Regular Vietnamese golfers are entrepreuners and senior government officials who manage to take time from their busy schedule to play golf, though it takes a golfer, on average, half a day to finish 18 holes.
Part 1: Caddies’ hard work on golf course
Part 2: Caddies’ tears on golf course
Part 3: Life outside golf course
Part 4: Golf and Work
The clients at BS golf course include the director of a Hanoi-based telecommunication firm, and a planner for an oil company. They come to golf three or four days a week. Golfers in Ho Chi Minh City prefer Thu Duc golf course on busy days. Having more free time, they go further to courses in Song Be and Long Thanh – some 50kms from the city.
Their ‘tee off’ (starting) time varies from early morning, 10:00am, or sometimes in the late afternoon.
Tuan, director of a state firm in Hanoi, has numbered tags from different golf courses still attached to his bag of golf clubs, proving that he had played golf at the Royal in Ninh Binh, the Montgomerie Links in Quang Nam and at Long Thanh in Dong Nai during his working trip to Ho Chi Minh City.

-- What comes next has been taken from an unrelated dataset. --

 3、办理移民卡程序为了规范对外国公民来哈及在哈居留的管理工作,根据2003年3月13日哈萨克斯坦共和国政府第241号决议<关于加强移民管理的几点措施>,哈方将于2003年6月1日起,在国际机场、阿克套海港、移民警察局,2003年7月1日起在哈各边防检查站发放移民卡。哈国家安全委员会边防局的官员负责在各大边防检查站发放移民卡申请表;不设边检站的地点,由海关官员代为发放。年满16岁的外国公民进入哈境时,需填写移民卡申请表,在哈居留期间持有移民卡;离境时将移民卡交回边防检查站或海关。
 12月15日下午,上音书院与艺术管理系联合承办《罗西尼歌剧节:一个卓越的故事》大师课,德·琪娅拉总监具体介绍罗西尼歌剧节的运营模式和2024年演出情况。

“I want to have experiences on all golf courses. A nice girl may have her bad characteristics and an ugly woman may have her own good thing,” said Nguyen Dien, a man in his 50s working in the construction industry.
The 19th hole
One weekend, four golfers from Hanoi smartly laid a bet with their four nice-looing caddies -- one of them would use a number 9 club to tee the ball for the last hole, a par three (or maximum three times) to hit the ball into the hole.
If he could send the ball onto green, the area around the hole, he would win and the four caddies would have to buy lunch for the golfers.

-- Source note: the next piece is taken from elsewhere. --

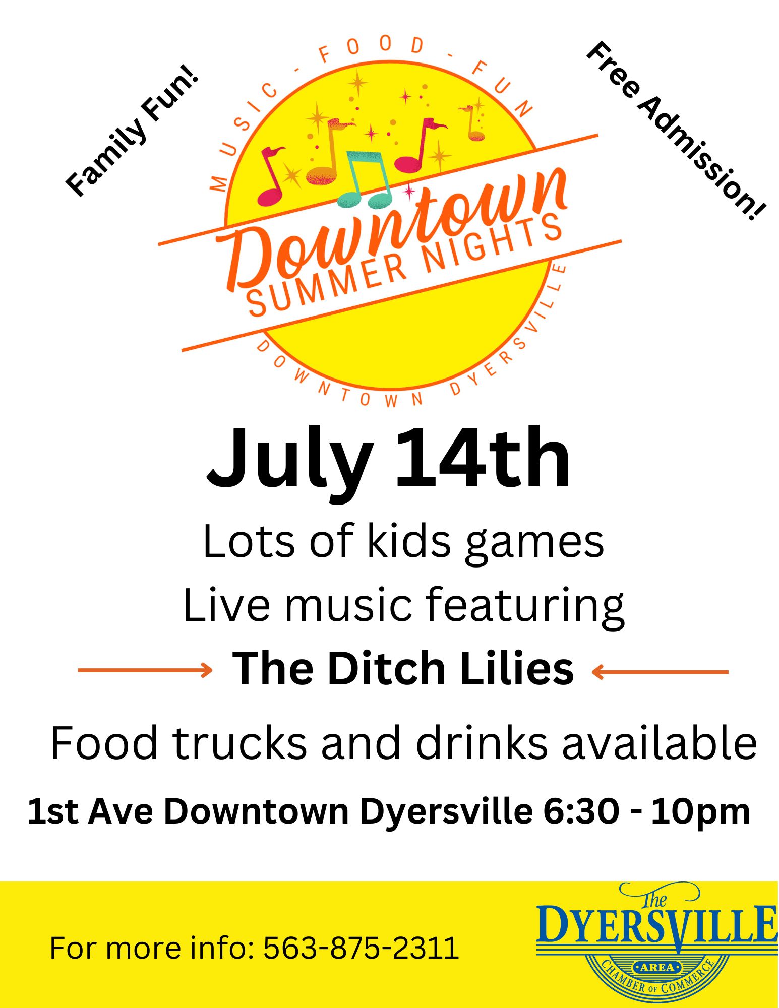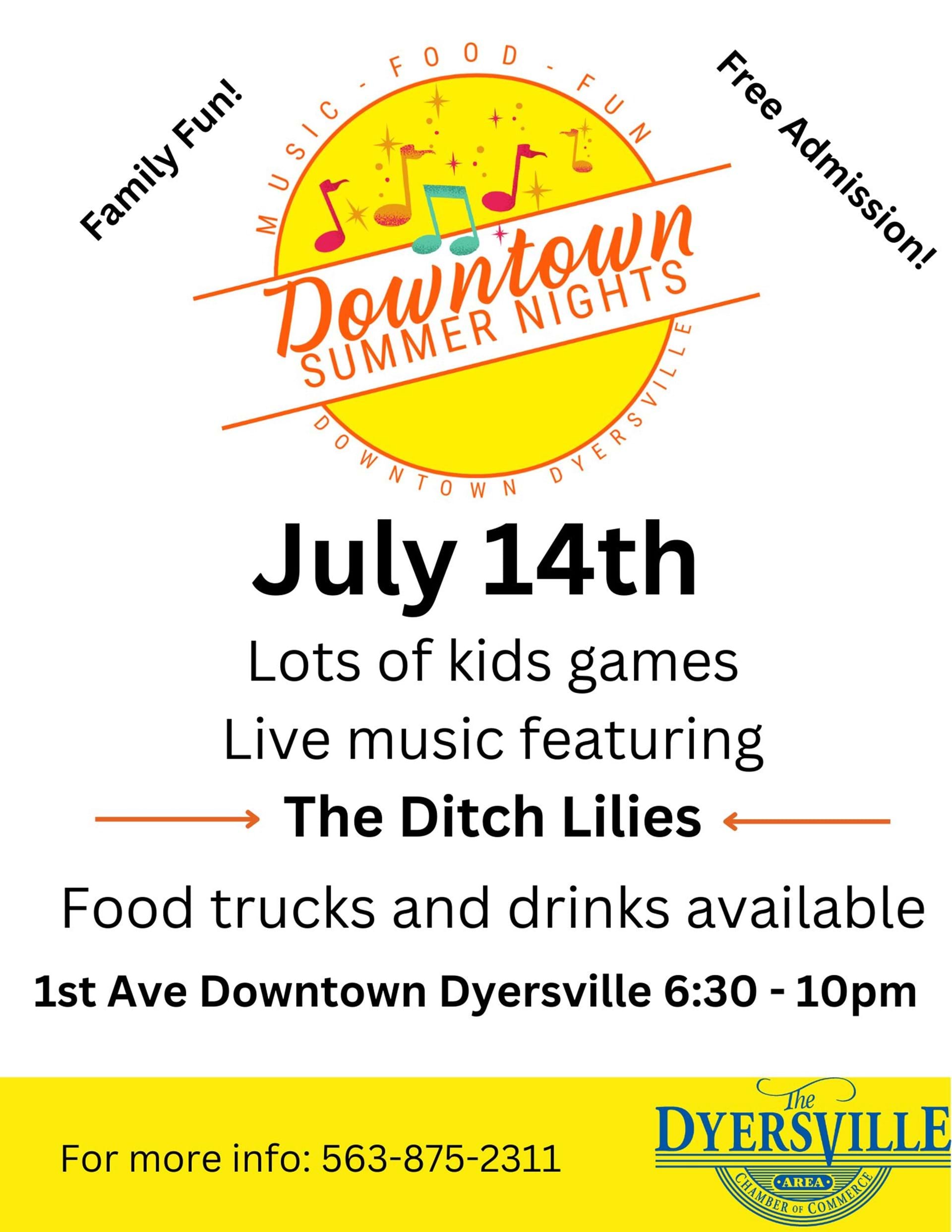Bring the family down to Downtown Summer Nights! Straight from Cascade, the DITCH LILIES will be playing in the City Square! More kids games and plenty of cold beverages. Thanks to our generous sponsor support, admission is free!

That day, the golfers lost, so the men had to buy a feast for the girls in a restaurant.
Later, the caddies understand that the betting is only in order to get the girls with them to have a fun lunch, as the golfers surely know that to win at the last hole, it must be the number 7 club, and not the 9.
Most golfing sessions end outside the course, and it surely takes much more time, even doubling the time needed to play.
Though the Transport Minister Dinh La Thang issued the decision to ban his staff from playing golf in October last year, golfers have continued to complain about the prohibition.
“If golf is banned by the ministry, tennis, drinking and karaoke should be included on the list. If I have power, I will dismiss all those who are working inefficiently, that’s enough,” said a golfer named Cong who runs a private firm.
“Most government officials who play golf are those who steal time,” another golfer added.
Deals worth billions
Caddies are not allowed to reveal the secrets they witness on the course, especially betting for money or business contracts among golfers.
Sitting at the beginning of the course, a golfer struck up a conversation with his caddie, “I am tired today, but come here for business. Normally, it’s not easy to have a discussion with a province’s leader, but on the golf course, it’s quite different.”
During conversations between a garment firm director and a deputy minister on the golf course, the director was heard saying, “Rubbing sun cream to protect your skin”, “Do you get used to this driver club [a kind of golf club]?”
The director was offering ‘intensive care’ to the official and lent him clubs to play with on a day when they took over five hours to finish 18 holes. The government official didn’t play well while the director seemed to be restraining himself.
‘Contracted’ games between businessmen and officials normally end with the former losing, usually blaming it on anunlucky day. That day, the garment tycoon lost VND40 million (US$1,900) to the official.
Such bets are just the tip of the iceberg.
‘Heavy bettors’ on golf course are nicknamed ‘ca sau’ (crocodiles), and can make bets of up to billions of dongs for a game.
A caddie named Tran revealed that those ‘crocodiles’ don’t pay their money on the course, but count them on points to settle outside afterwards.